There will be examples outside of this one where sometimes the count of calls required to fetch the same set of content will increase from the V1 to V2 API. We are moving forward with this tradeoff for the reasons outlined in our blogpost here. However, we are confident this is a step in the right direction, and are excited to be working with the community in order to make this transition as smooth and performant as possible.

Thank you again!

marc · May 16, 2023, 4:19pm

Hi @SimonKliewer ,
Will there be an endpoint where we can get a content property by name? Currently (I believe) we must get all content properties of e.g. a page and filter out the one with the right name.

klaussner · May 19, 2023, 7:28pm

Thank you, @SimonKliewer!

Reducing the number of requests with these new APIs will definitely help.

I assume that it will still be slower than REST v1 because we have to retrieve all pages first and wait for the slowest request before we can retrieve the properties. But I will run another performance test when the new APIs are available and post the results here.

riku · May 23, 2023, 10:24am

Hi @SimonKliewer and thanks @klaussner for sharing your test results!

Adding the “Get content properties for pages” that can be filtered to an array of page ids sounds promising for our app.

I just wanted to point out that it would be great to have same filters for all the endpoints (where those filters make sense)

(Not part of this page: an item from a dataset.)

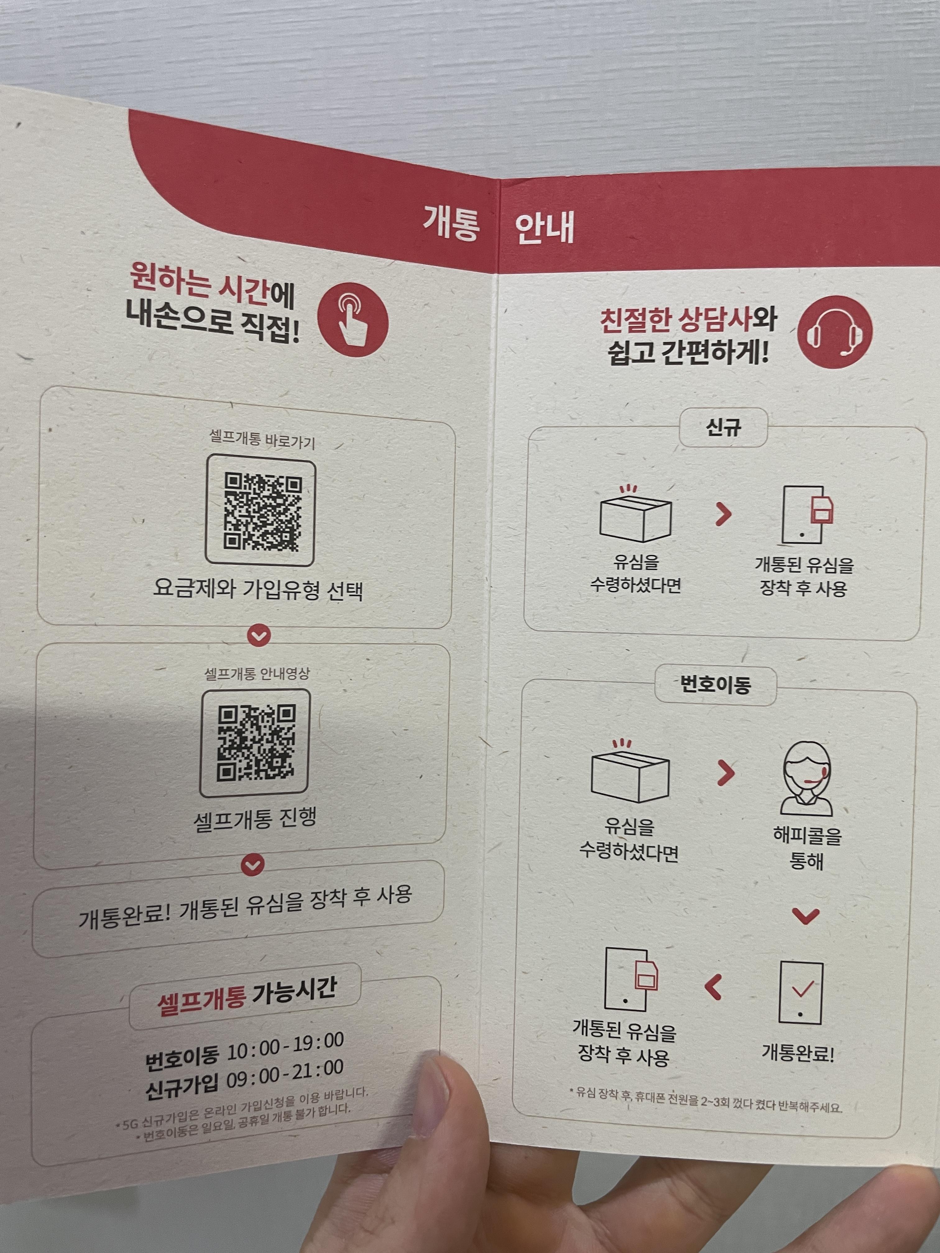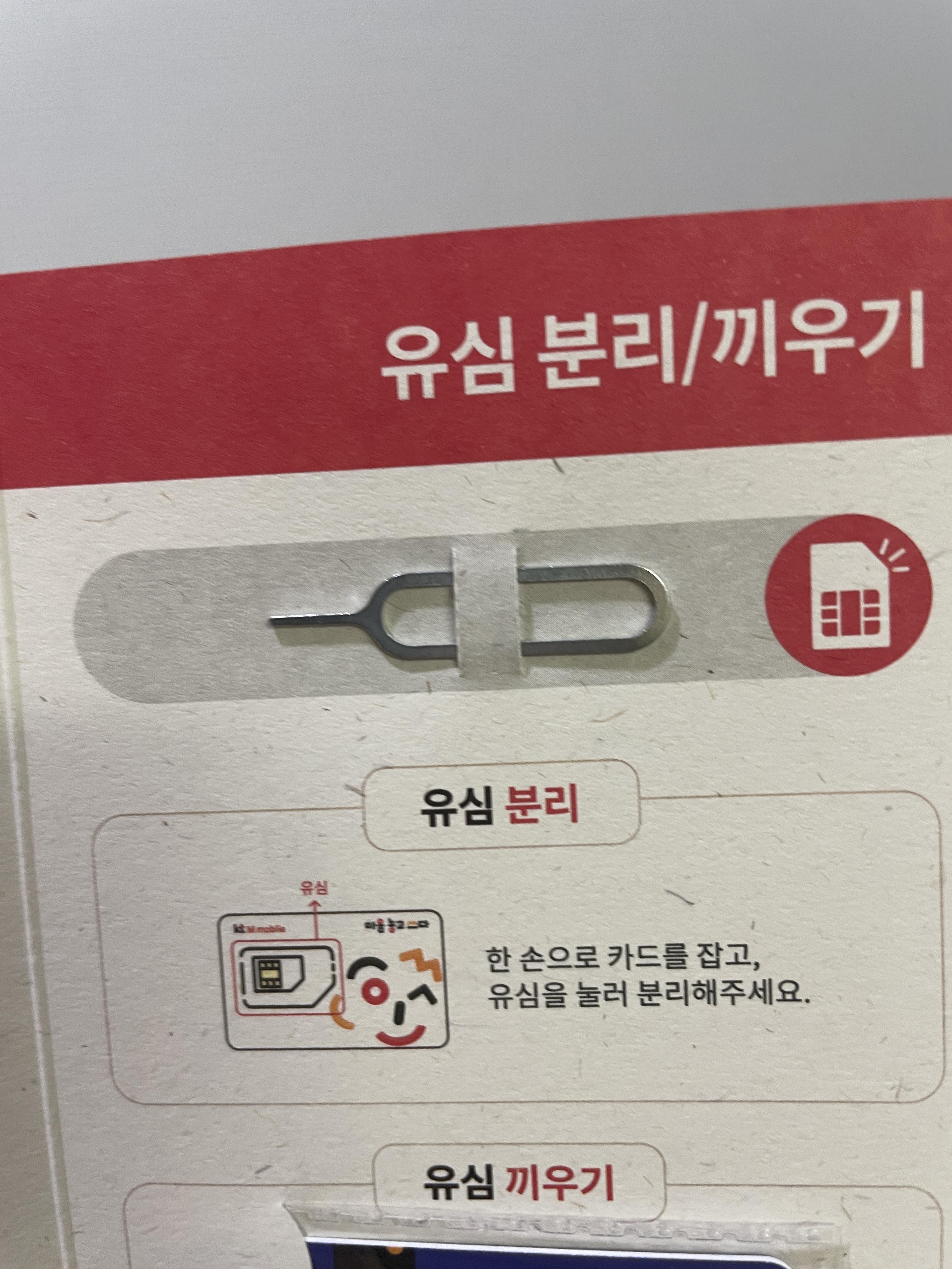 유심을 받으면 안에 개통을 하는 방법과 더불어 유심칩이 들어있는 카드 + 아이폰 전용 유심 분리용 도구가 들어있다. 일단 개통해야 하니까 설명서를 잘 읽어보자.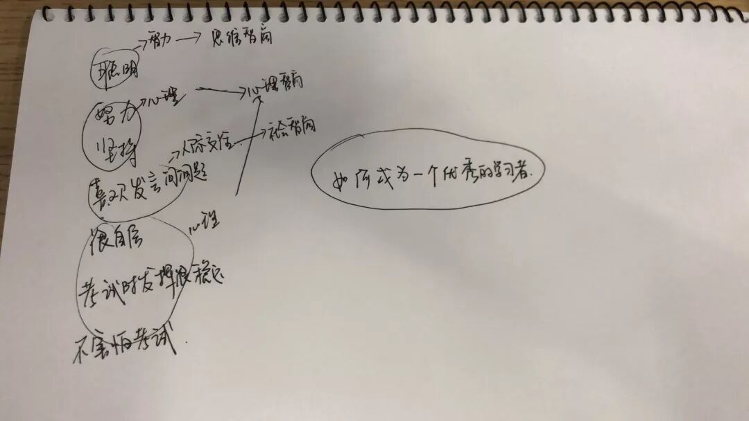 找一张大白纸,在纸的中心画出思考内容的中心内容,然后围绕中心点展开联想。此时你可以在白纸的中心画上一个大圈写上“优秀的学习者”,然后展开联想。

For our app, it would be great to have eg “Get labels of pages”, “Get attachments of pages”, or even “Get ancestors of pages” endpoints that could be limited to an array of page-id

Another important filter for our use case would be to limit all of these “of pages” calls to descendants of given ancestor page

Btw, it seems that Get pages can already be limited to an array of ids - I believe this is not possible with the REST v1 (without using CQL). This new feature could be a concrete improvement for a few use cases in our app, and also could reduce the number of REST calls needed in the test case discussed here, especially if there would be “Get ancestors of pages” endpoint.

andreas1 · May 25, 2023, 11:28am

I can only confirm what @riku said.

We also need the possibility for feed multiple ids into one v2 call especially when it comes to client side calls. On the server side I could parallelize such calls but one the client side we are limited to 6 parallel requests.

@SimonKliewer : to give you a concrete example what no customer would accept. In one of our apps we need to collect the labels of all ancestors. In case there are 1000 ancestors this would take 167 rounds and depending on the reaction time of the v2 API 25-40 seconds. In v1 we collect the labels of 250 ancestors in one single call. This means 4 rounds and <= 1 second.

SimonKliewer · May 25, 2023, 7:53pm

Hi @marc - thanks for the feedback! I think it would be great for the content property bulk fetch endpoints to have both id and key filters that accept multiple values. This would help cut down on the # of calls required. I’ll look into getting this added.

Sounds good @klaussner - thanks for the help here!

Hi @riku and @andreas1! Thanks for the feedback and makes total sense! I think for resources where we have this hierarchal relationship (attachments on page(s), labels on page(s)), it would be great to have endpoints that support fetching these resources for multiple “parent” entities in one call.

I see how this is especially important when it comes to client side requests.

We are looking for ways to make concrete improvements like these, I’ll bring this to the team to get prioritized. Thanks so much!